# Extracted material:
++++++++

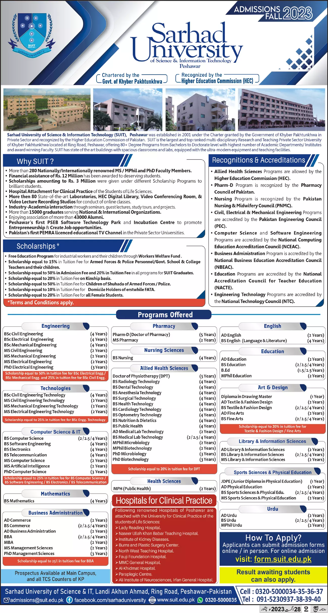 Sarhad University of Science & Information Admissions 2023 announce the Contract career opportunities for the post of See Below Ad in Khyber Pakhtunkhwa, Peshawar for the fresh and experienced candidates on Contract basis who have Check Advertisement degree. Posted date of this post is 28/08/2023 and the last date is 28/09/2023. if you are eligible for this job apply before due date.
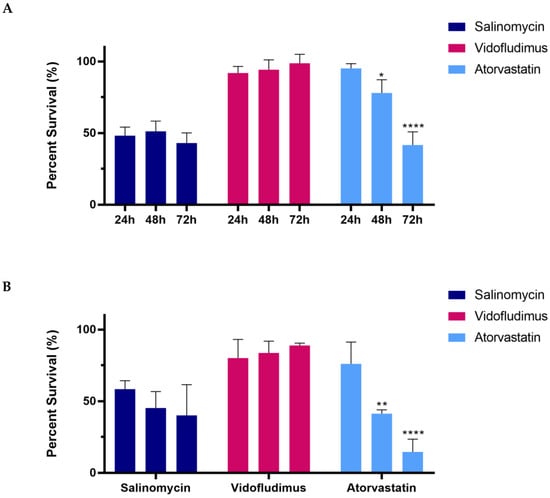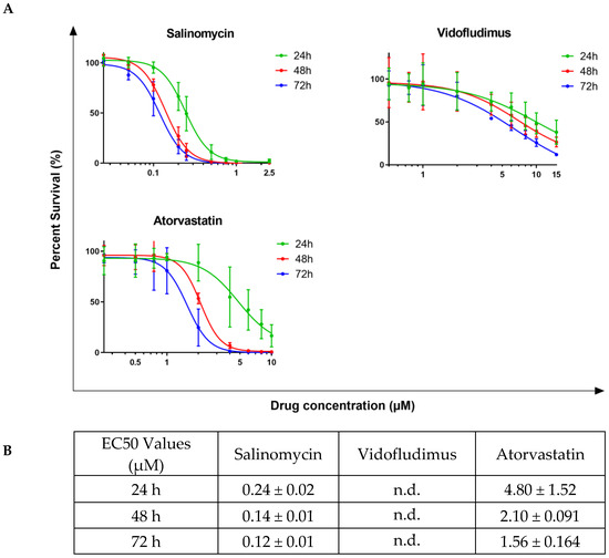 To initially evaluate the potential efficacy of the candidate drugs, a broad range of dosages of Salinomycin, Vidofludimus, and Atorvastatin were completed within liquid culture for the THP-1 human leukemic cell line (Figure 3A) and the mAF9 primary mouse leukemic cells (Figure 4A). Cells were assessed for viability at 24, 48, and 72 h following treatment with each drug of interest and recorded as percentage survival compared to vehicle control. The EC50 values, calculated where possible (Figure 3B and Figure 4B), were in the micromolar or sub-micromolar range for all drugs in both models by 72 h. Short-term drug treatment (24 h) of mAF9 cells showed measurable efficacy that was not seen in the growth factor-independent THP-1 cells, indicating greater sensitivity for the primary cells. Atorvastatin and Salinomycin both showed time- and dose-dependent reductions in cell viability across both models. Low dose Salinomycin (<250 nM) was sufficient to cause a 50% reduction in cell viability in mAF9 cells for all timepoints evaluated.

++++++++

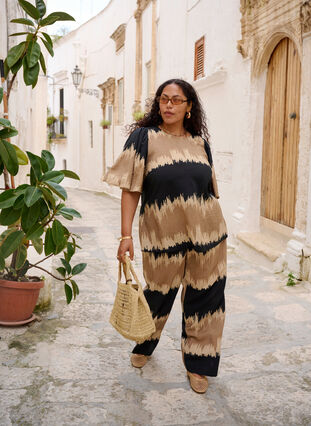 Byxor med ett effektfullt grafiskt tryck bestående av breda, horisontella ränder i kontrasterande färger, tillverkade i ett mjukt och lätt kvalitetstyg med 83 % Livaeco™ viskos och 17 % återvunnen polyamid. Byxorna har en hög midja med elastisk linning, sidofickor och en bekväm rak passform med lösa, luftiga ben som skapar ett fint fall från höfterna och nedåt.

++++++++

# Requirement:
In the listing above, find the line with "Sarhad University of" and the line with "To initially evaluate". Set down exactly those lines and everything between them, skipping pictures.

# Your response:
 Sarhad University of Science & Information Admissions 2023 announce the Contract career opportunities for the post of See Below Ad in Khyber Pakhtunkhwa, Peshawar for the fresh and experienced candidates on Contract basis who have Check Advertisement degree. Posted date of this post is 28/08/2023 and the last date is 28/09/2023. if you are eligible for this job apply before due date.
 To initially evaluate the potential efficacy of the candidate drugs, a broad range of dosages of Salinomycin, Vidofludimus, and Atorvastatin were completed within liquid culture for the THP-1 human leukemic cell line (Figure 3A) and the mAF9 primary mouse leukemic cells (Figure 4A). Cells were assessed for viability at 24, 48, and 72 h following treatment with each drug of interest and recorded as percentage survival compared to vehicle control. The EC50 values, calculated where possible (Figure 3B and Figure 4B), were in the micromolar or sub-micromolar range for all drugs in both models by 72 h. Short-term drug treatment (24 h) of mAF9 cells showed measurable efficacy that was not seen in the growth factor-independent THP-1 cells, indicating greater sensitivity for the primary cells. Atorvastatin and Salinomycin both showed time- and dose-dependent reductions in cell viability across both models. Low dose Salinomycin (<250 nM) was sufficient to cause a 50% reduction in cell viability in mAF9 cells for all timepoints evaluated.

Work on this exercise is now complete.